_WORK REQUEST_:
Please reproduce exactly, and only, the lines from the one with "Les paludariums conviennent" through the last line of the listing below, both ends included, leaving out the pictures.

_DATASET SECTION_:
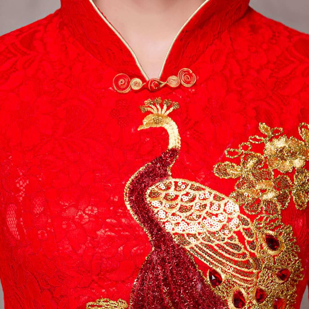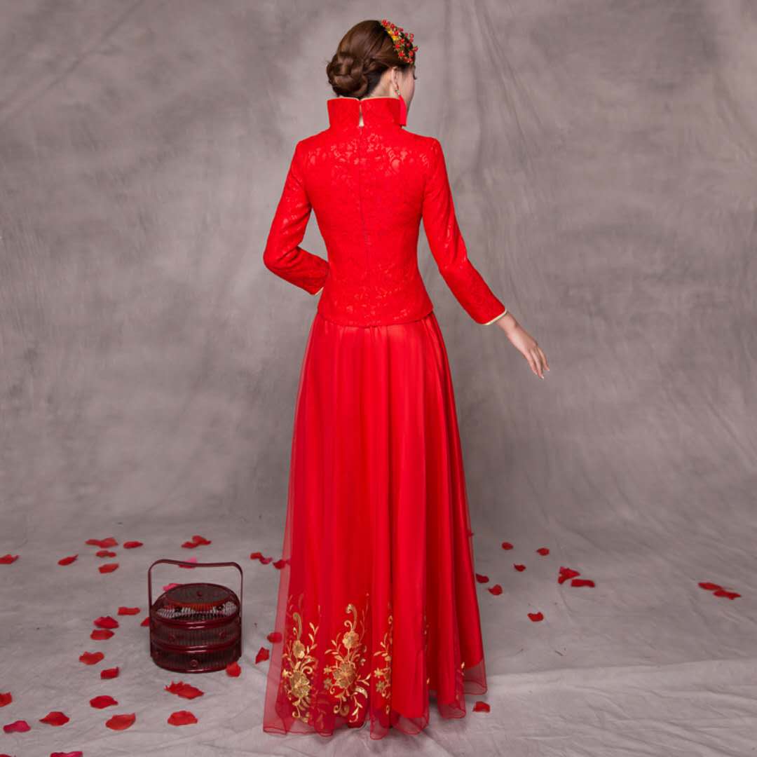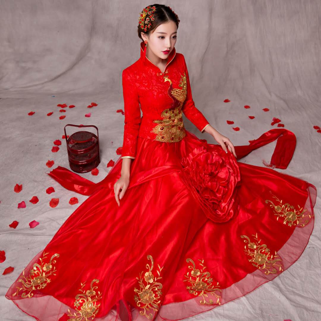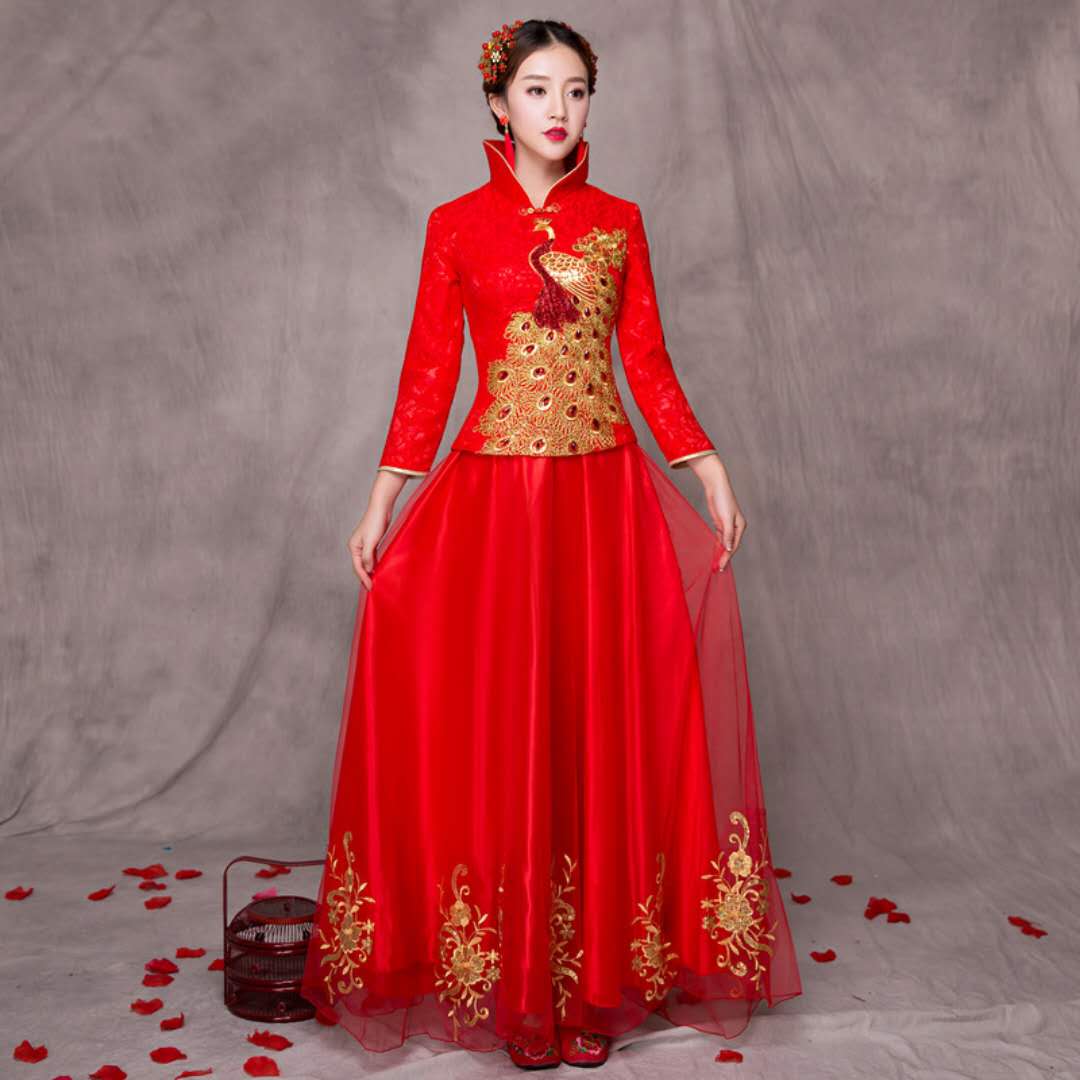 • 2017真丝长款改良旗袍婚纱秀禾服新娘唐装伴娘服结婚礼服
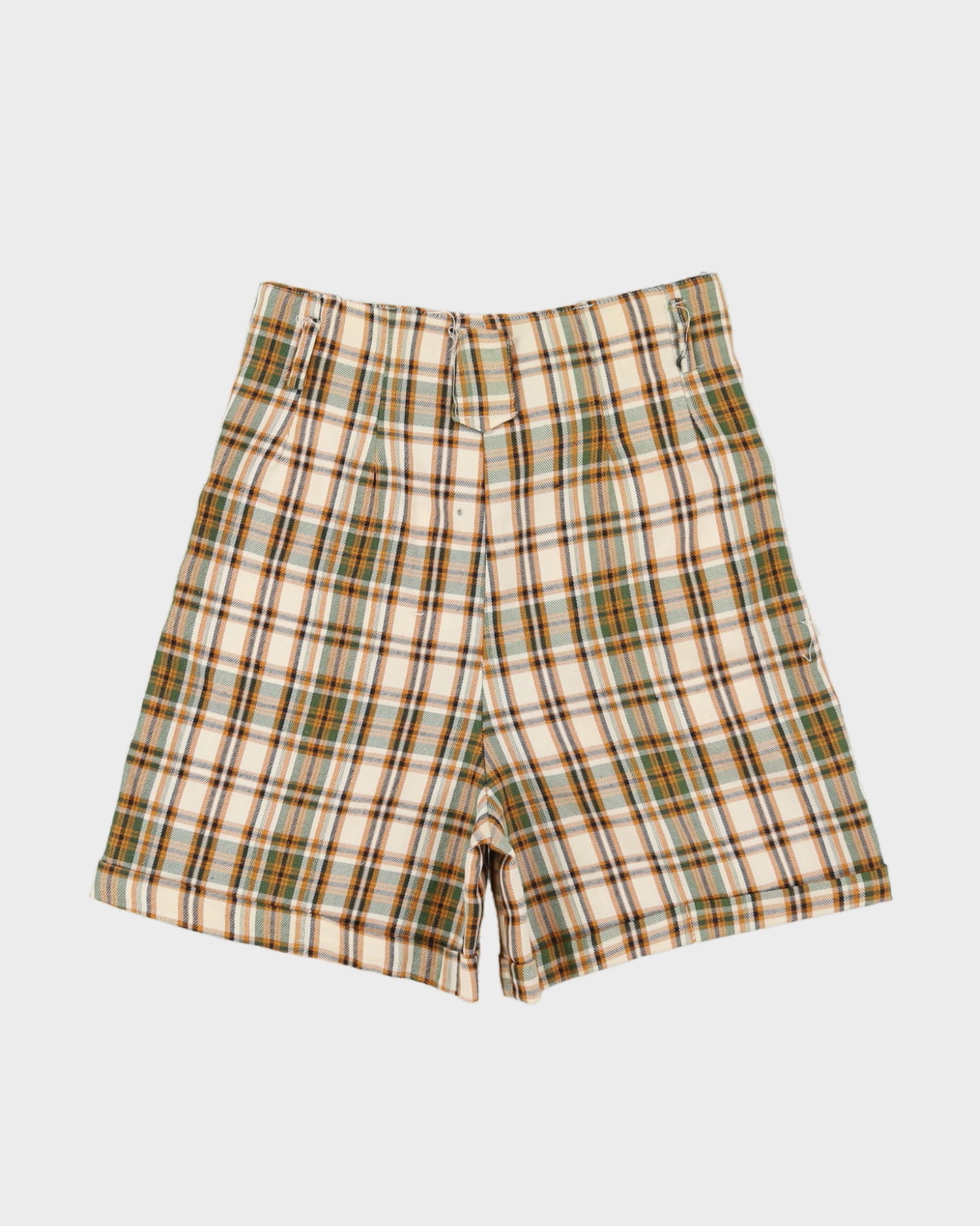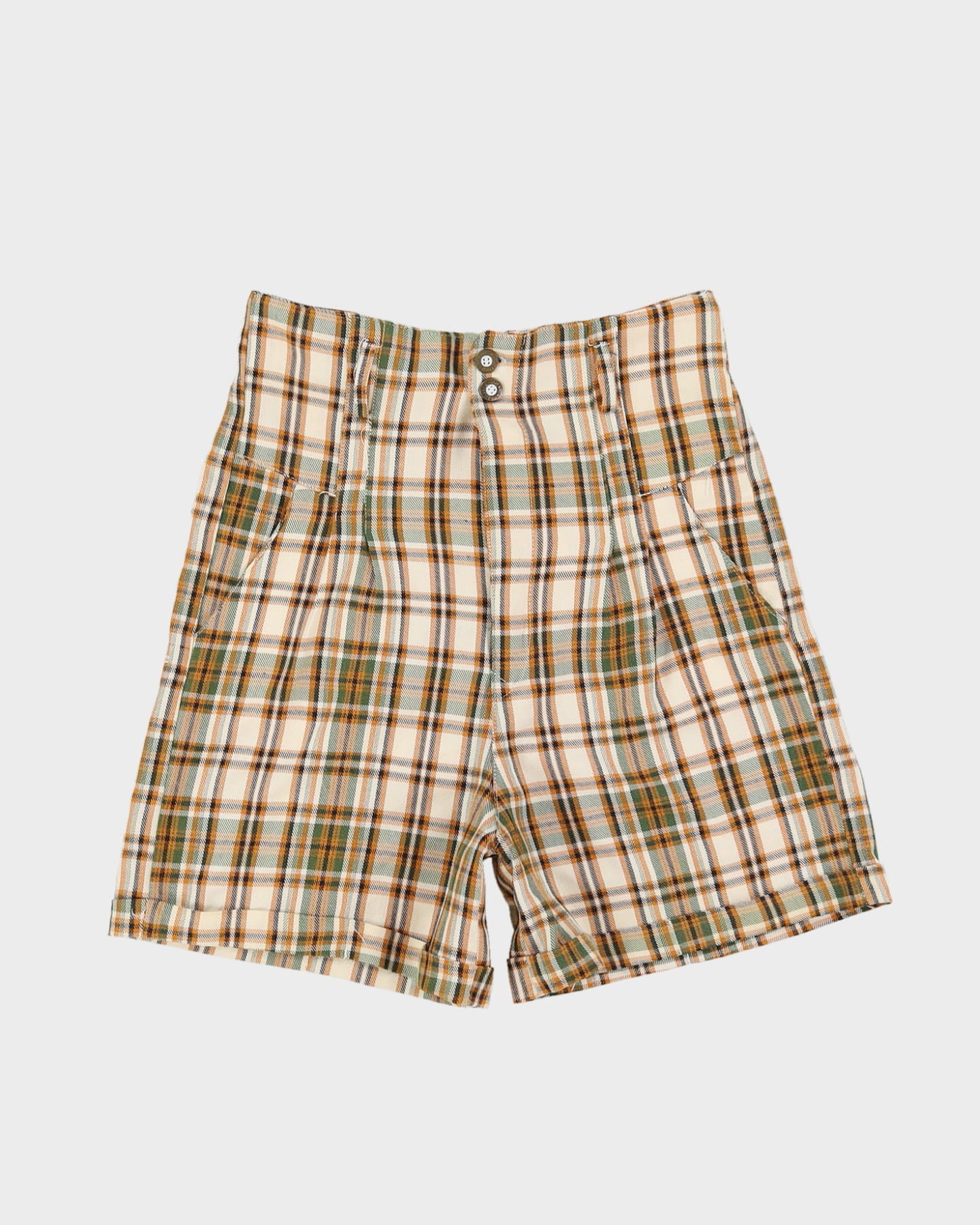 Vintage 1980s Cream Checked Shorts - S
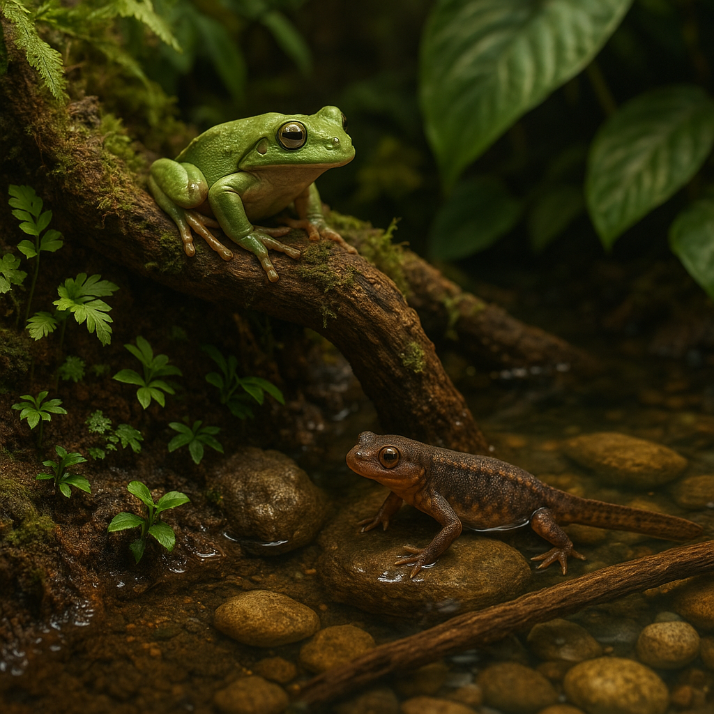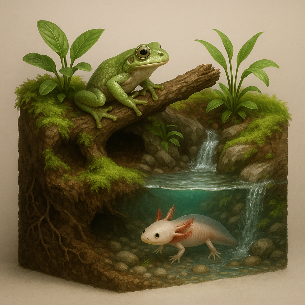 Les paludariums conviennent parfaitement aux grenouilles tropicales, tritons, axolotls et à certaines tortues semi-aquatiques. Il suffit d’adapter les paramètres comme la température, l’humidité et les aménagements selon l’espèce.
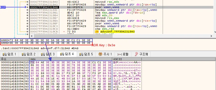 ○ 실행 시 파일 내 숨겨진 페이로드를 XOR Key(0x3E)를 이용해 복호화하고 메모리 할당 후 복사해서 접근

_OUTPUT OF THE EXERCISE_:
 Les paludariums conviennent parfaitement aux grenouilles tropicales, tritons, axolotls et à certaines tortues semi-aquatiques. Il suffit d’adapter les paramètres comme la température, l’humidité et les aménagements selon l’espèce.
 ○ 실행 시 파일 내 숨겨진 페이로드를 XOR Key(0x3E)를 이용해 복호화하고 메모리 할당 후 복사해서 접근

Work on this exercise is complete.